Noninvasive Risk Prediction Models for Heart Failure Using Proportional Jaccard Indices and Comorbidity Patterns
Background: In the post-coronavirus disease 2019 (COVID-19) era, remote diagnosis and precision preventive medicine have emerged as pivotal clinical medicine applications. This study aims to develop a digital health-monitoring tool that utilizes electronic medical records (EMRs) as the foundation for performing a non-random correlation analysis among different comorbidity patterns for heart failure (HF).

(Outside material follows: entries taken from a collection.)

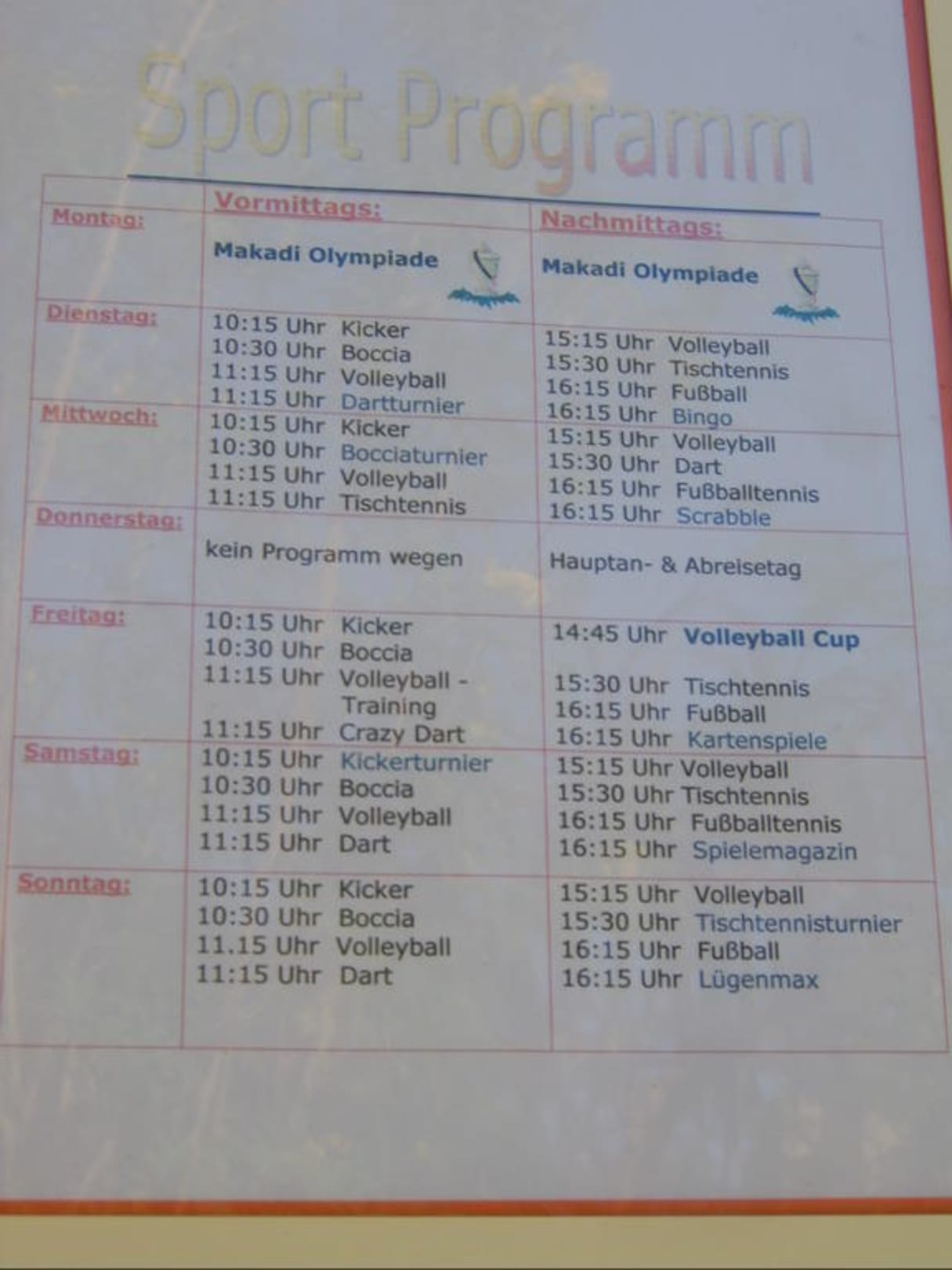 Sport und Animationsprogramm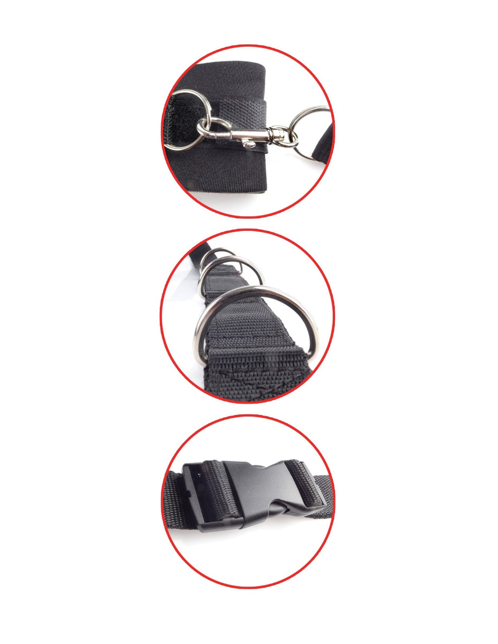 This versatile restraint system features two large nylon straps that wrap around your headboard and footboard and connect to 4 tethers and cuffs. Each tension strap features 6 metal D-rings that allow you to clip the tethers anywhere you want, creating elaborate bondage scenarios without tying knots or using hardware. The kit can be used with any size mattress and sets up easily in minutes. It's perfect for beds without bed posts and can be used on couches as well. The four adjustable nylon tethers feature sturdy metal clips that connect to the tension strap D-rings on one end and adjustable cuffs on the other. Simply slide the tension strap around your headboard, pull the strap until its tight, then close the self-locking clamp to keep the strap in place. Repeat the same steps with your footboard and you're ready to enjoy a night of light bondage play. The cuffs easily adjust to fit your wrists or ankles, allowing you to explore new positions you never thought were possible. Use your imagination and there's no limit to the fun!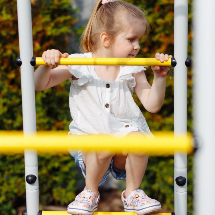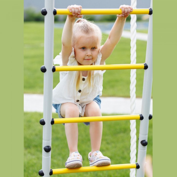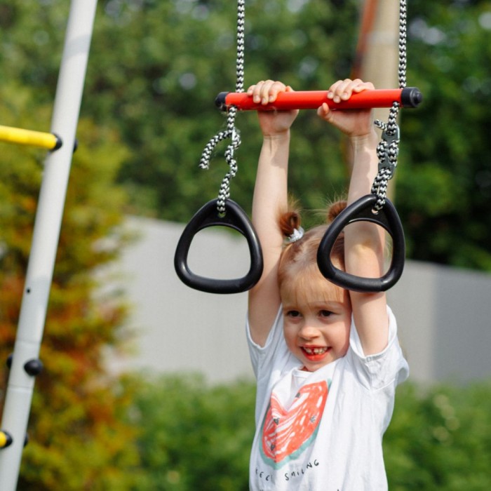 Преимуществом оборудования является то, что им могут пользоваться одновременно двое или даже трое малышей. В комплекте предлагаются цепные качели, качели пластиковые, удобная сетка лаза и брусья со спинкой и кольцами.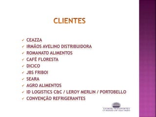 O documento aborda serviços de transporte e logística, incluindo entrega de e-commerce, distribuição de revistas e montagem de kits. Destaca a importância da eficiência, comprometimento e pontualidade na operação. Informações de contato e endereço da filial em Osasco, SP, também estão incluídas.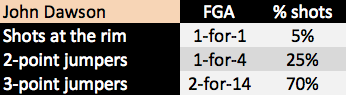Consider this: Dawson has attempted 20 shots in his first season. Just one of those has come at the rim.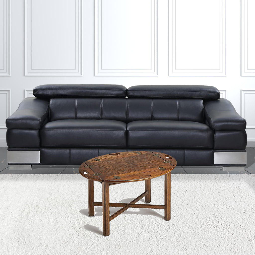 Crafted to perfection from rubber wood solids the Vintage Oak Table is rustic and versatile in design. You can either fold it up on four sides to form a tray with the brass finished hinges or keep it open to serve as a table. It can also be doubled up as a side table. The gleaming cherry veneer finish adds a beautiful touch to the table making it compatible in any room. Owing to it's stability and sturdiness are the four strong substantial wooden polished legs that complete this vision. 18.5" x 30" x 22.5"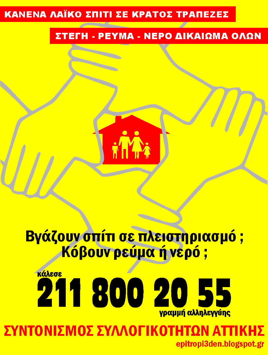 Β. Την Κυριακή 8/12/2013 ώρα 11 το πρωί στον κινηματογράφο Μικρόκοσμος λεωφ. Συγγρού 106, κοντά στο σταθμό Συγγρού στο Μετρό σε ανοικτή συνάντηση για τον προγραμματισμό των δράσεων μας ενάντια σε πλειστηριασμούς-κατασχέσεις.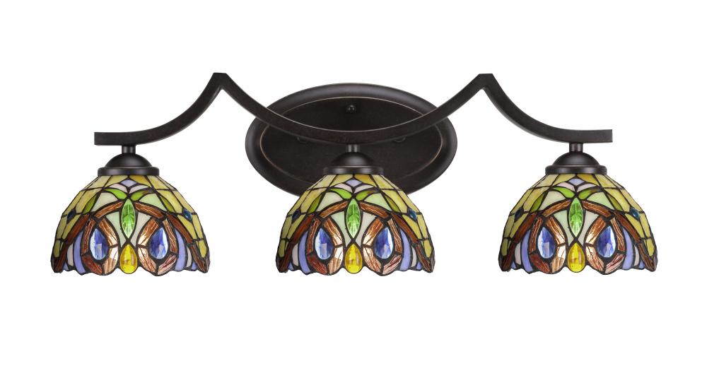 Toltec Lighting 553-DG-9445 Zilo 3 Light Bath Bar Shown In Dark Granite Finish With 7 Lynx Art Glass

Methods: Novel similarity indices, including proportional Jaccard index (PJI), multiplication of the odds ratio proportional Jaccard index (OPJI), and alpha proportional Jaccard index (APJI), provide a fundamental framework for constructing machine learning models to predict the risk conditions associated with HF. Results: Our models were constructed for different age groups and sexes and yielded accurate predictions of high-risk HF across demographics. The results indicated that the optimal prediction model achieved a notable accuracy of 82.1% and an area under the curve (AUC) of 0.878. Conclusions: Our noninvasive HF risk prediction system is based on historical EMRs and provides a practical approach. The proposed indices provided simple and straightforward comparative indicators of comorbidity pattern matching within individual EMRs. All source codes developed for our noninvasive prediction models can be retrieved from GitHub.